Jeszcze nie czas na Polskę
O organizację Euro 2029 starały się Polska, Niemcy oraz Dania wspólnie ze Szwecją.
PZPN wskazał w swojej aplikacji osiem aren w siedmiu miastach: w Białymstoku, Gdańsku, Krakowie (stadion Wisły), Szczecinie, Warszawie (PGE Narodowy oraz stadion Legii), Wrocławiu i Zabrzu. Wszystkie samorządy zadeklarowały gotowość do współpracy i w pełni zaangażowały się w przygotowanie aplikacji.
W Gdańsku miały się odbyć trzy mecze grupowe - w tym, co ważne mecz Polek - ćwierćfinał i półfinał. W sumie aż pięć meczów. Finał miał być na Stadionie Narodowym w Warszawie.
Niestety, Komitet Wykonawczy UEFA zdecydowała inaczej.
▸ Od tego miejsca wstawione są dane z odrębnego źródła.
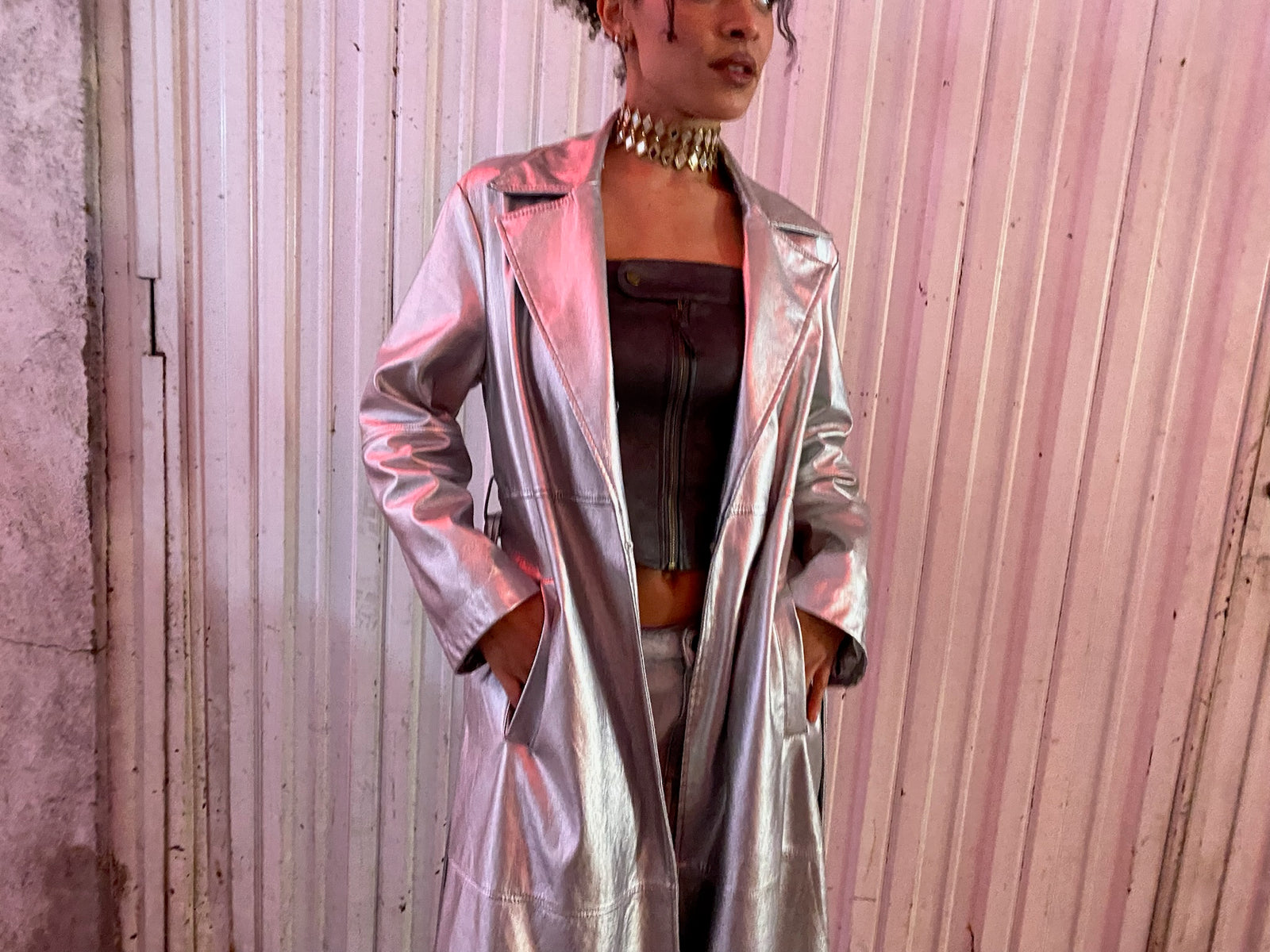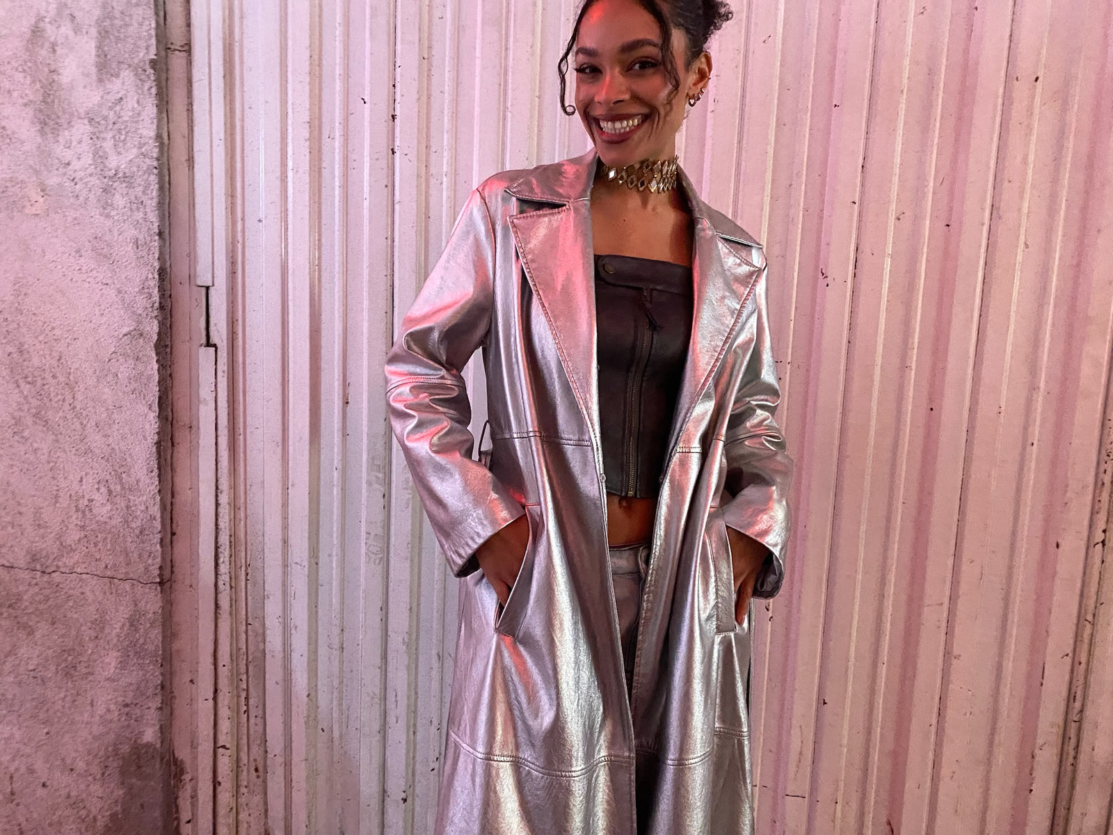 Gabardina midi plateada de piel, lazo en la cintura.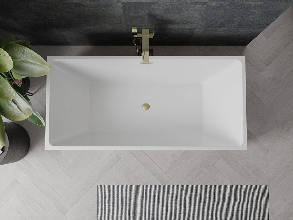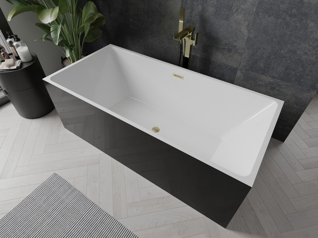 Voľne stojaca vaňa s rozmermi 170 x 80 cm je elegantným prvkom každej kúpeľne. Vyrobené zo sanitárneho akrylátu, je odolné a ľahko sa čistí. Jeho moderný dizajn v bielej a čiernej farbe so zlatým kartáčovaným povrchom dodáva luxusný charakter. Vaňa je hlboká 45 cm a vysoká 58 cm, čo zaručuje komfort používania. Funkčný prepadový otvor a pripojený sifón navyše uľahčujú inštaláciu a používanie.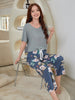 Cotton Silk Casual Pajamas Set Home Wear - Gray Top + Tulip Print Trousers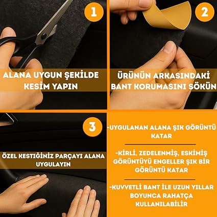 Kesilebilir: Kolayca istenilen yüzeye (örnek: bagaj, kapı, taban, zemin) gibi kaplama yapmak istediğiniz yerlere uygun şekilde kesilerek uygulanabilir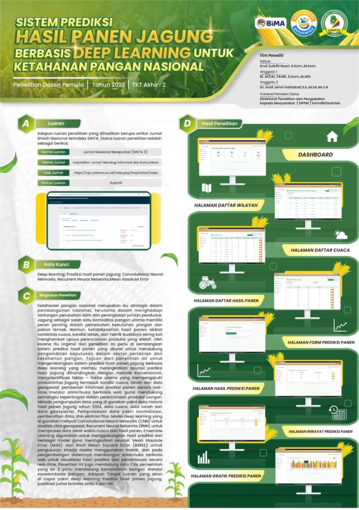 Tim Peneliti Universitas Lamappapoleonro (UNIPOL) berhasil mengembangkan Sistem Prediksi Hasil Panen Jagung Berbasis Deep Learning sebagai bagian dari luaran Penelitian Dosen Pemula (PDP) Tahun 2025 yang didanai oleh Direktorat Penelitian dan Pengabdian kepada Masyarakat (DPPM) Kemdiktisaintek. Penelitian ini bertujuan mendukung ketahanan pangan nasional melalui pemanfaatan teknologi kecerdasan buatan untuk meningkatkan akurasi prediksi hasil panen jagung berdasarkan data cuaca, kondisi lahan, dan histori panen. Sistem yang dikembangkan dilengkapi dengan dashboard interaktif, fitur prediksi real-time, serta visualisasi data yang mendukung pengambilan keputusan di sektor pertanian. Luaran penelitian ini ditargetkan dipublikasikan pada jurnal nasional bereputasi terindeks SINTA sebagai kontribusi nyata perguruan tinggi dalam inovasi teknologi pertanian berkelanjutan.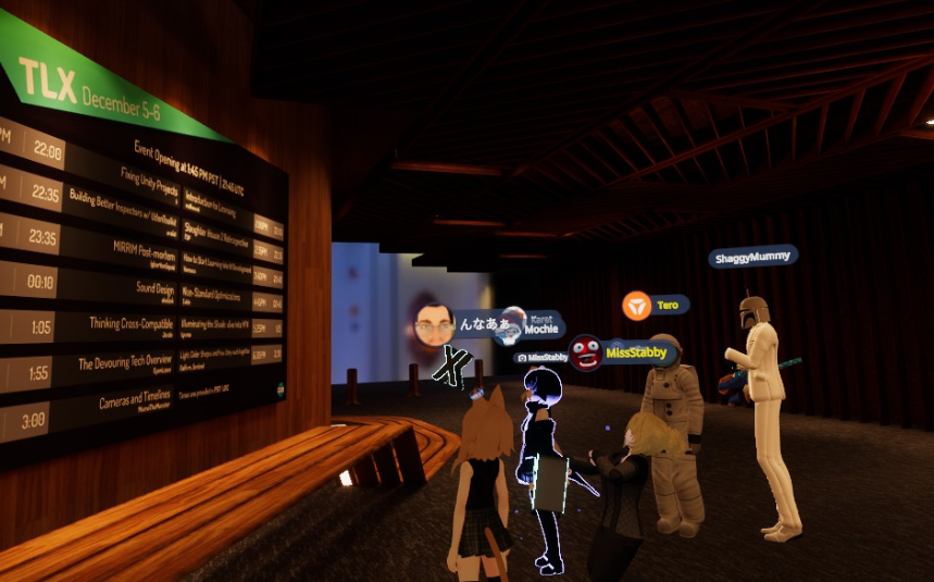 7/ There's a countdown timer at the back of the room for the speaker as well. I'm pretty blown away by the caliber of worldbuilding of the @VRChat @VRCPrefabs community. #PrefabsTLXpic.twitter.com/iE88bsjDGD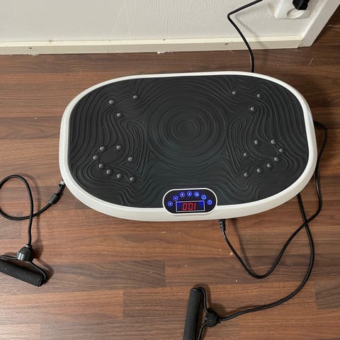 Värinälevy harjoitusalusta kotikuntoiluun. Laitteessa on harmaa, kuvioitu ja nystyröity seisonta-alusta sekä oranssi reunus. Yläosassa on ohjauspaneeli näytöillä ja painikkeilla, joilla voi säätää laitteen asetuksia. Mukana tulee virtajohto. Soveltuu tasapaino-, lihaskunto- ja aktivointiharjoituksiin seisten tai kevyiden liikkeiden kanssa.
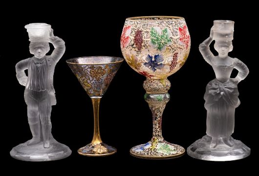 Two enamelled wine glasses together with a pair of frosted figural candlesticks, tallest glass 25cm. [4]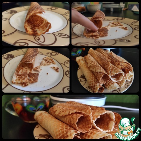 Рецепт «Вафельные рожки с кремом "Пломбир"»:

W środę, 3 grudnia, organizacja podała, że organizatorem europejskich finałów 2029 będą Niemcy.
Niemcy poprzednio były gospodarzem kobiecego Euro w 1989 i 2001 roku.
Turniej za cztery lata będzie rozgrywany w Monachium, Frankfurcie, Kolonii, Dusseldorfie, Dortmundzie, Hanowerze, Wolfsburgu i Lipsku.
Polska - Słowenia 1:0. Chłodna kalkulacja dała zwycięstwo
Jak napisał portal Deutsche Welle, niemiecki związek piłkarski DFB obiecał, że będą to pierwsze Mistrzostwa Europy Kobiet, które przyniosą zysk. Wyliczenie opiera się na prognozach sprzedaży ponad miliona biletów, zaangażowaniu finansowym miast-gospodarzy oraz wsparciu niemieckiego biznesu. Ponieważ żadne poprzednie Mistrzostwa Europy Kobiet nie przyniosły zysku, ten właśnie argument mógł być kluczowy dla dyrektorów z UEFA.
Jak pisze DW, UEFA straciła około 35 milionów Euro na ostatnich mistrzostwach Europy kobiet w Szwajcarii.
Polki zagrają w Gdańsku w 2026 roku z Francją, Holandią i Irlandią w ramach Dywizji A Ligi Narodów. To będą równocześnie eliminacje do Mistrzostw Świata Brazylia 2027.